Salient features of the SEBI (Prohibition of Insider Trading) (Third Amendment) Regulations, 2019 are as follows:
- Informant: An informant means a person voluntarily submitting a form detailing credible, complete and original information relating to an act of insider trading.
- Office of Informant Protection(‘OIP’): An independent office shall be established by SEBI for receipt and registration of the Voluntary Information Disclosure Form (‘VIDF’) and serve as a medium of exchange between the informant/legal representative and the Board.
- Confidentiality of Informant: The confidentiality regarding the identity of the informant and information provided would be protected through the OIP.

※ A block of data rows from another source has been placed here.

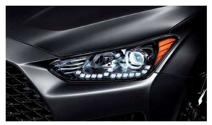
Available LED headlights

Never get into a chilly vehicle again. Among a wealth of features, one of the best in our available BlueLink® technology is the convenience of starting your vehicle remotely from your smartphone<sup>*</sup>. Just download the app. Please see your dealer for full service-level details.
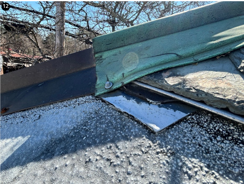
Open conditions throughout edge metal.
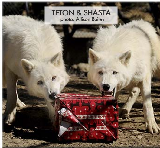
TETON & SHASTA
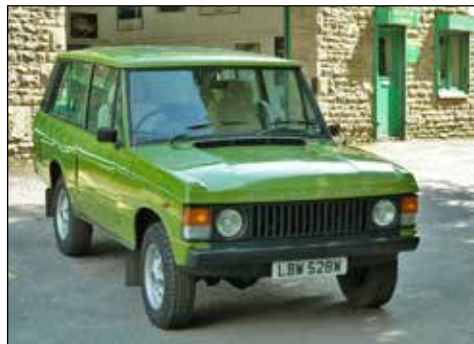
1980's Range Rover

Modern Land Rovers are now so expensive to buy, run and maintain and I've seen no proof that the reliability or customer service has improved so I've switched to a Ford Ranger pickup. Despite the problems I've experienced, Land Rover is a fantastic brand with millions of loyal customers.
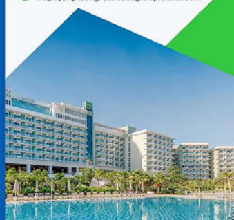
Meliá Internacional Varadero
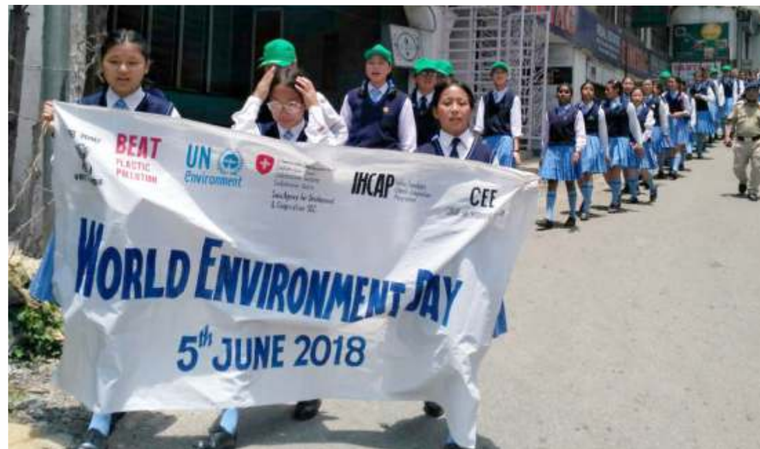
A rally was held from MG Marg to Deorali School to raise awareness about plastic pollution.
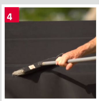
Put membrane on and sweep down to ensure all trapped air bubbles are removed and membrane bonds to the adhesive.
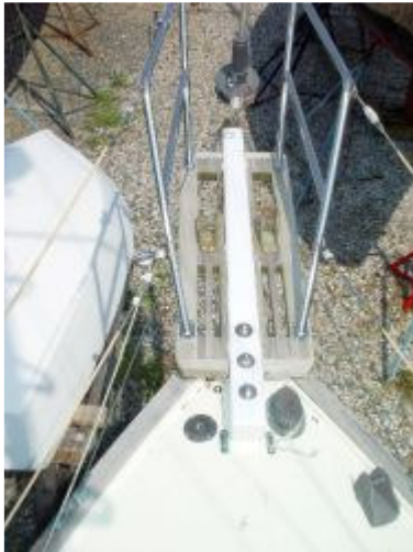
Bowsprit w/double rollers
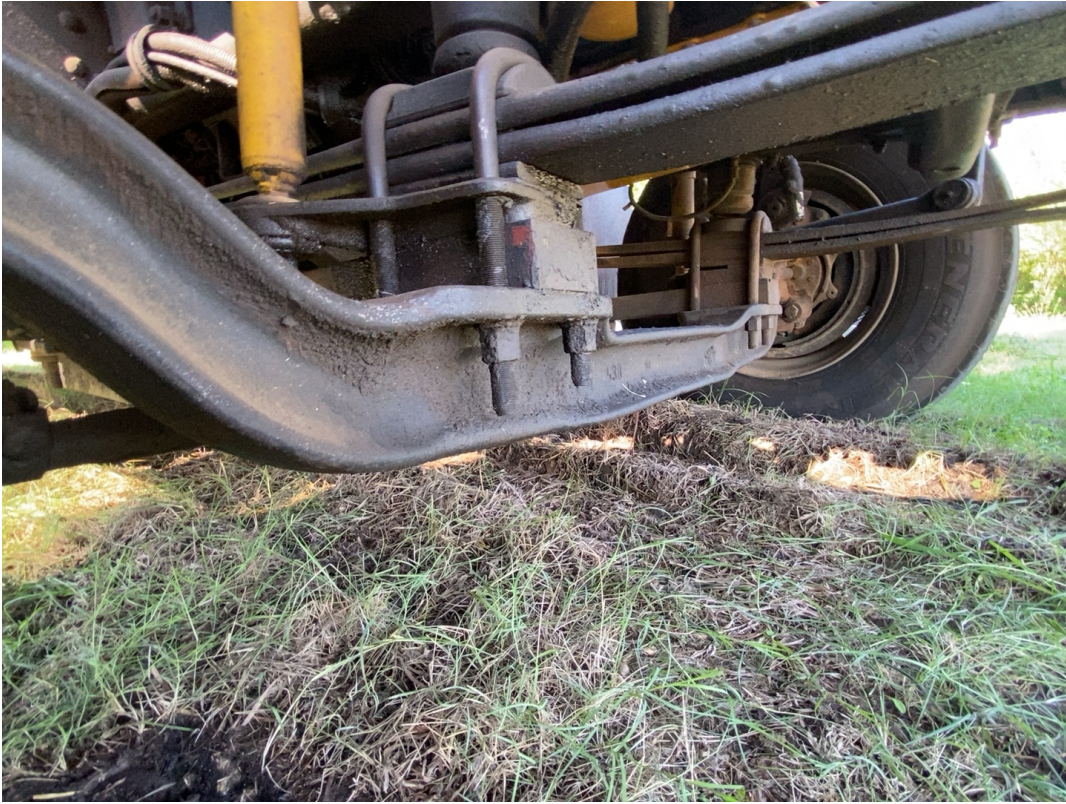
Axles / Suspension / 05-14-2024
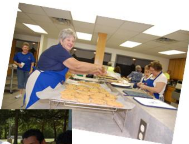
Cookies for our community leaders
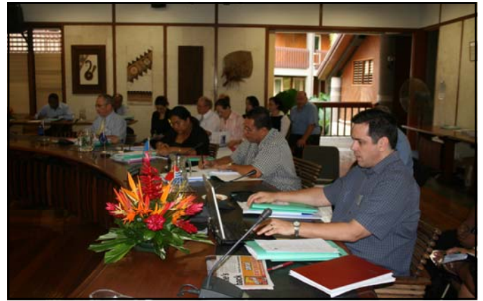
Delegates in a session at the 2009 FRSC that was held at the Pacific Island Forum Secretariat in Fiji.

The Pacific Islands Forum Secretariat recently concluded the 2009 Forum Regional Security Committee meeting. At the meeting the Forum Secretariat Law Enforcement Unit (LEU) tabled the 2009 Pacific Transnational Crime Assessment. This assessment is developed in cooperation with specialist regional law enforcement agencies and Secretariats, including the PIDC, and highlights ongoing transnational criminal activity in the Pacific region.
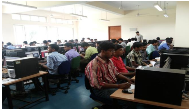
Mock Online Aptitude Test for the 2015 pass-out students prior to Campussing SEASON

- Reward: Reward would be given in case the information provided leads to a disgorgement of at least Rupees one crore. The total amount of monetary reward shall be 10 % of the money collected but shall not exceed Rs one crore.
- Investor Protection and Education Fund (‘IPEF’): IPEF shall be the designated fund from which the reward would be paid.
- Exemption under RTI: The original information provided by the informant shall be exempted from disclosure under section 8(1)(g) and 8(1)(h) of the Right to Information Act, 2005.
- Protection against victimization: Market participants would be required to incorporate in their Code of Conduct, suitable provisions to ensure that no employee who files a VIDF is harassed, or discriminated against.
- Vexatious or frivolous complaints: In case the OIP determines that the information submitted is frivolous or vexatious, SEBI may initiate appropriate action against the informant under the securities laws and any other applicable law.